La Parola di Dio e il tempo della salvezza

La Parola di Dio e il tempo della salvezza

Il Vangelo secondo Giovanni e il suo contesto

Mese di pubblicazione: 01 marzo 2021
Edizione n°: 1
Collana: SANPAOLO

In diversi modi, il vangelo secondo Giovanni apre la nicchia temporale in cui accogliere il compimento della parola di Dio, all’intersezione delle profezie del passato e delle attese escatologiche, le une e le altre attuate da Gesù. In questa nicchia temporale l’evangelista, tramite la sua arte narrativa, colloca il lettore. Per capire la posta in gioco è tuttavia essenziale conoscere meglio i contesti del racconto giovanneo.

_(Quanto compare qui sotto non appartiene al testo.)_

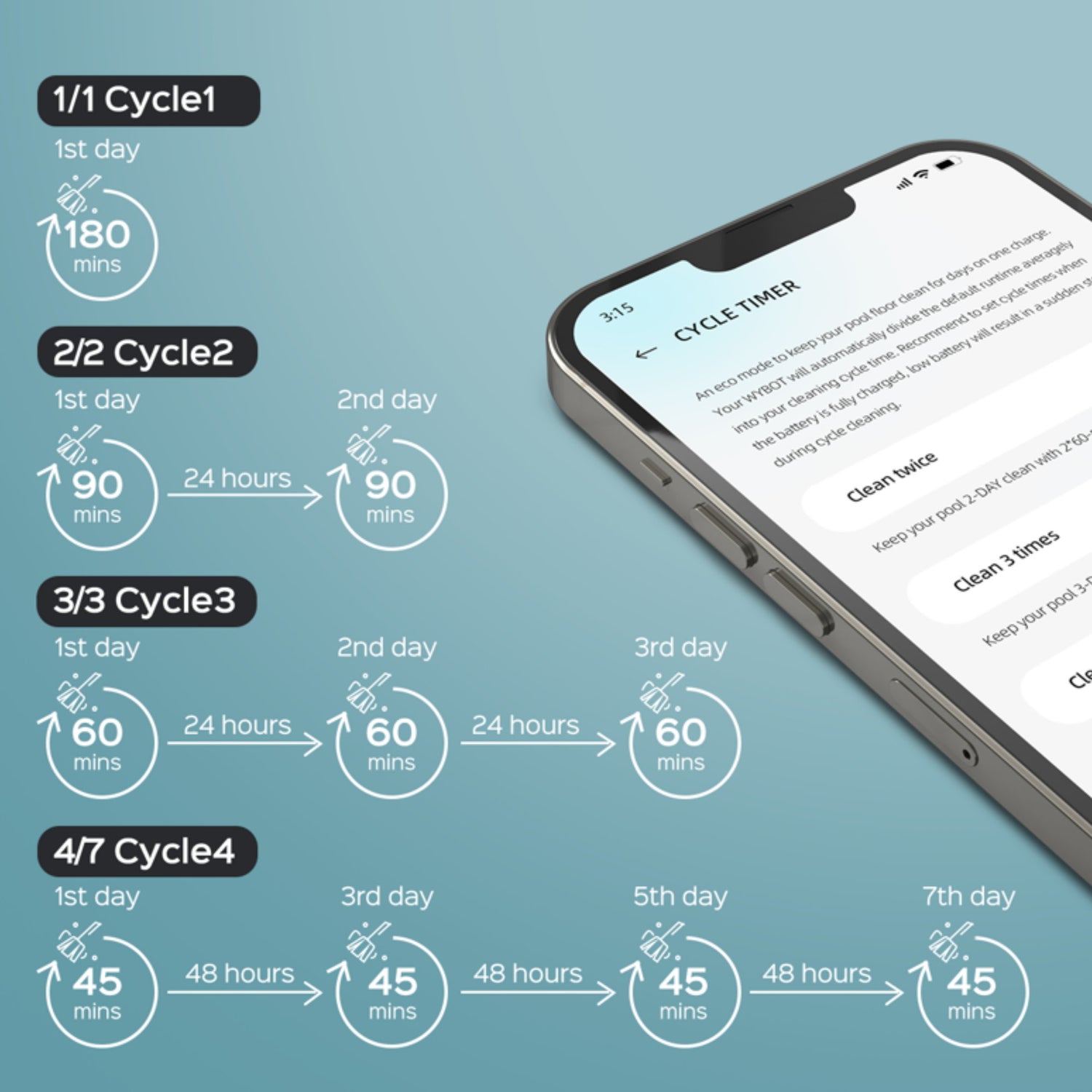 Über die App können Sie zwischen 1 x 120 Minuten, 2 x 60 Minuten, 3 x 40 Minuten oder 4 x 30 Minuten wählen, um den Reinigungszyklus exakt an Ihren Zeitplan anzupassen. -

Il percorso qui proposto si articola in tre tappe. Anzitutto, i primi tre capitoli del vangelo secondo Giovanni sono contestualizzati in un dibattito sull’interpretazione delle Scritture tra la fine del I secolo a.C. e la fine del secolo seguente. La seconda tappa si focalizza sui contesti liturgici del discorso presso la piscina di Betzatà (Gv 5), di quello sul «pane di vita» (Gv 6) e della similitudine del «buon pastore» (Gv 10). Il contesto teologico evidenziato nella terza tappa mira a favorire la comprensione dell’attualità della parola di Gesù che compie le profezie del passato e anticipa le promesse escatologiche nelle comunità dei suoi discepoli. La coincidenza delle profezie del passato con le anticipazioni delle attese escatologiche è presentata nel vangelo secondo Giovanni come un tempo nel quale è possibile discernere il compimento della parola di Dio. Per operare tale discernimento è necessaria una visione capovolta, resa possibile dall’accoglienza e dalla comprensione di Gesù – il Cristo di Dio, il Figlio unigenito – e della sua parola.